What the task requires: Write out the opening lines of the data word for word, up to and including the line with "Women's Midi A-Line", and leave every picture and every later line out.

(Beginning of Record excerpts)

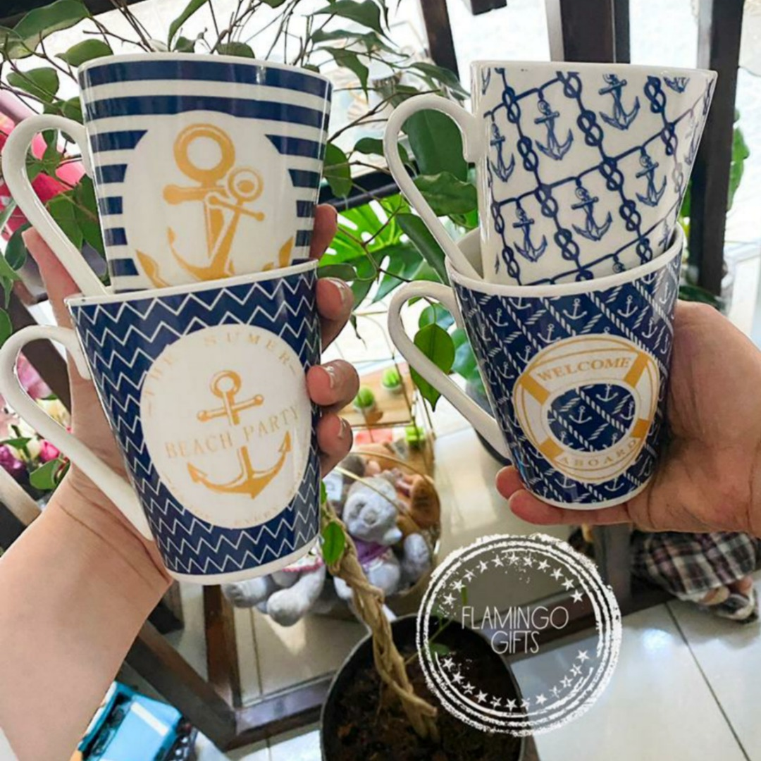 ماغات البحارة أشكال متنوعة اللون الأبيض والأزرق أساسي لهذه الماغات مع رسومات أشكال البحرية المختلفة (مرساة- عجلة قيادة- ودولاب انقاذ)
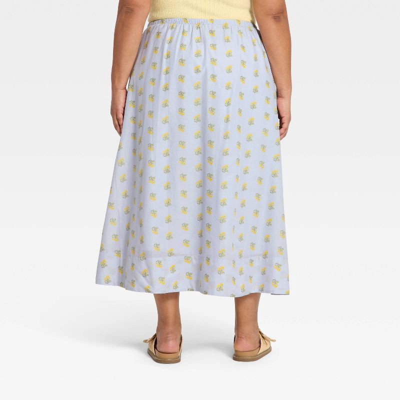 Women's Midi A-Line Skirt - Universal Thread™ Light Blue Floral XXL
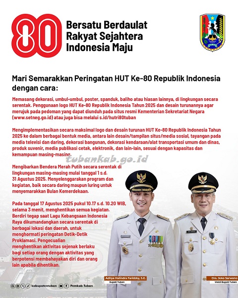 Tubankab — Pemerintah Kabupaten Tuban mengajak seluruh elemen masyarakat untuk bersama-sama menyemarakkan peringatan Hari Ulang Tahun ke-80 Kemerdekaan Republik Indonesia Tahun 2025. Seruan ini disampaikan melalui surat edaran resmi yang ditandatangani oleh Sekretaris Daerah Kabupaten Tuban, Dr. Ir. Budi Wiyana, M.Si dengan nomor: 400.14.1.1/4SII/414.031/2025.
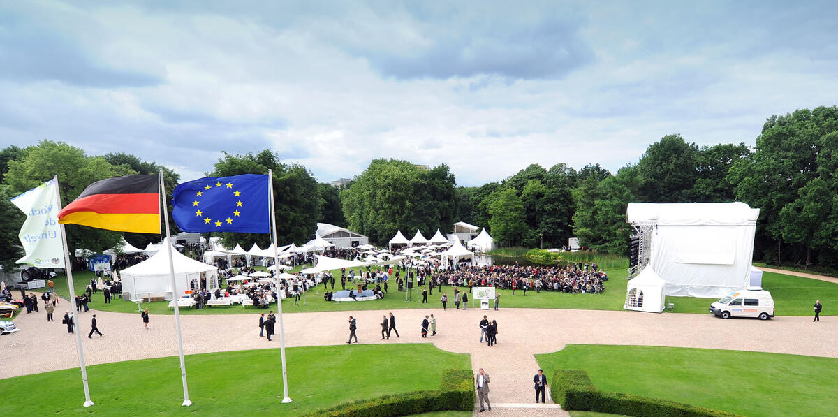 Berlin. Vom 7. bis 8. Juni findet im Park von Schloss Bellevue die fünfte „Woche der Umwelt“ statt. Zum ersten Mal öffnet die große Umwelt-Schau am zweiten Veranstaltungstag ab 13 Uhr ihre Tore für alle Interessierten zu einem „Publikumsnachmittag“. Im Schlosspark erwartet die Besucher die rund 4.000 Quadratmeter große Ausstellung, auf der sich annähernd 200 Aussteller zu den Fachthemen Klimaschutz, Energie, Ressourcen, Boden und Biodiversität, Mobilität und Verkehr, Bauen und Wohnen präsentieren. Parallel dazu wird es Diskussionsrunden auf den Haupt- und Nebenbühnen geben sowie Vorträge in den verschiedenen wissenschaftlichen Fachforen. Für den Einlass ist ein gültiger Personalausweis oder Reisepass erforderlich.
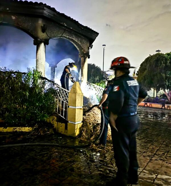 Kanasín, Yucatán.– La Policía Municipal de Kanasín informó que fue sofocado en su totalidad el incendio registrado en el kiosko del parque principal...
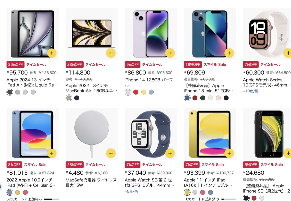 このほか、今回のAmazonセールで対象になっているApple製品は:
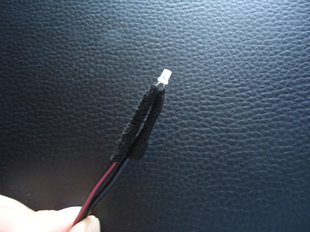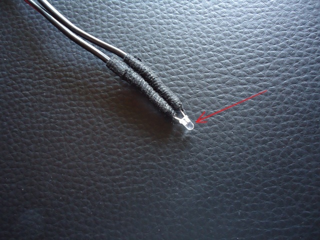 4. Lutujemy diodę do przewodu, ładnie izolujemy i piłujemy (papier ścierny, pilnik)na kształt walca żeby światło było rozproszone a nie świeciło w punkt.
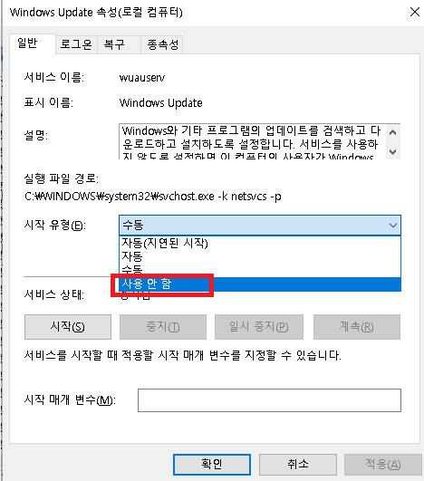 여기에서 유형을 "사용안함" 으로 변경하면 윈도우 업데이트가 되지 않습니다.
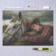 This touching scene captures a quiet bond between cowboy and horse, both resting together under a sombre sky. The cowboy, dressed in a red plaid shirt, brown gloves, and wide-brimmed hat, lies asleep in the grass, his back resting against the speckled white coat of his faithful horse. The horse stands calmly, head lowered near the cowboy in a posture that radiates watchful companionship.

(End of Record excerpts)

Expected answer:
 ماغات البحارة أشكال متنوعة اللون الأبيض والأزرق أساسي لهذه الماغات مع رسومات أشكال البحرية المختلفة (مرساة- عجلة قيادة- ودولاب انقاذ)
 Women's Midi A-Line Skirt - Universal Thread™ Light Blue Floral XXL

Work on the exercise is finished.